冰(こおり)のエアポート
12:15 親切はするものだ
旅慣れてしまった博之は、すでにその航空会社のゴールドメンバーの資格を有しているので、いつでもエグゼクティブカウンターを利用できるのだが、そこでエコノミーにチェックインするのが、少し恥ずかしい気がしていた。
いつもならそこのグランドスタッフとも、気兼ねなくおしゃべりするのだが、この時は口数が少なくなってしまった。
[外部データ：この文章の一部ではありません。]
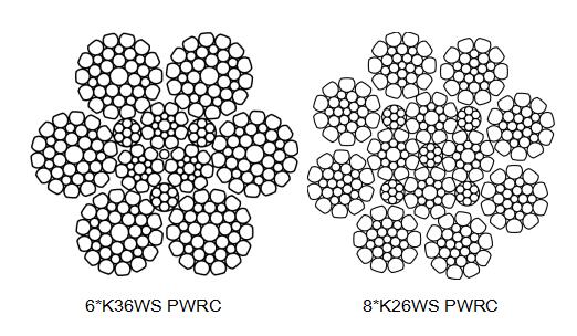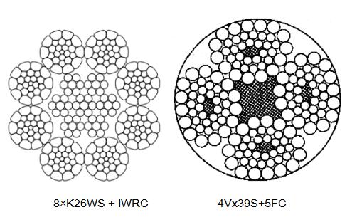 海洋平臺起重機 | 主起升繩 | ·35XK7 壓實股抗旋轉鋼絲繩 · 18 股壓實股抗旋轉鋼絲繩 |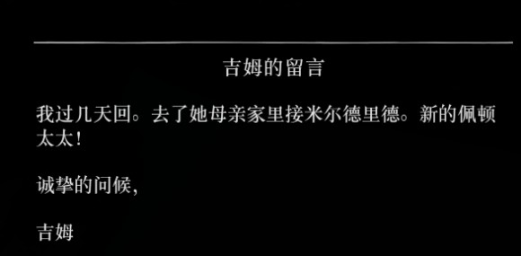 在草莓镇右上角有一座棚屋,地图上的标注是Lenora Cabin。初次前往时,会在家门口发现一份留言,一个叫吉姆的人已经前去接他的妻子了。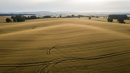 Casting showing expansive golden wheat fields with rolling hills and winding tire tracks illuminated by the warm glow of a setting sun casting long shadows across...

博之は着ていた厚手のダウンジャケットやニット帽もスーツケースに入れて、チェックインカウンターで預けてしまったが、空港内は薄着のほうが楽だろう。
その後、彼はラウンジへ向かった。ここまで来れば、後はリラックスして飛行機を待つだけである。
博之はいつも、空港での時間つぶしは、航空会社のエグゼクティブラウンジを利用する。そこはフリードリンク、フリーフードなのがありがたい。
大都市のハブ空港のラウンジはいつも混雑しているが、こんな地方空港のラウンジは比較的空いている。その代り、メニューはお粗末なことが多い。
ビジネスクラスに乗ると機内食がしっかり出るので、ラウンジでの食事は控えるのだが、今日はエコノミークラス、ここで食べておかないと日本まで持ちそうにない。
チャーハンとビールで出発まで時間を潰すことにした。
博之がビールのお代わりを取りに行くと、一目で日本人と判る30歳前後の美しい女性が、何やら困った様子でナッツのサーバーの前に立っているのに気が付いた。寿美代である。
「それ、横のハンドルを回すんですよ」
「あっ。ああ。ありがとうございます」
「上のフタじゃなく、下から出てきますよ」
寿美代は博之のアドバイスどおり、ミックスナッツを小皿に取ることができた。
「これって、日本のと感じが違って分かりにくいですよね。僕も前に悩みました」
「ナッツが周りに散らばってるのは、みんな受け損ねてしまうからなんですね。(笑)」
二人は愛想笑いをしながら、それぞれのテーブルに戻った。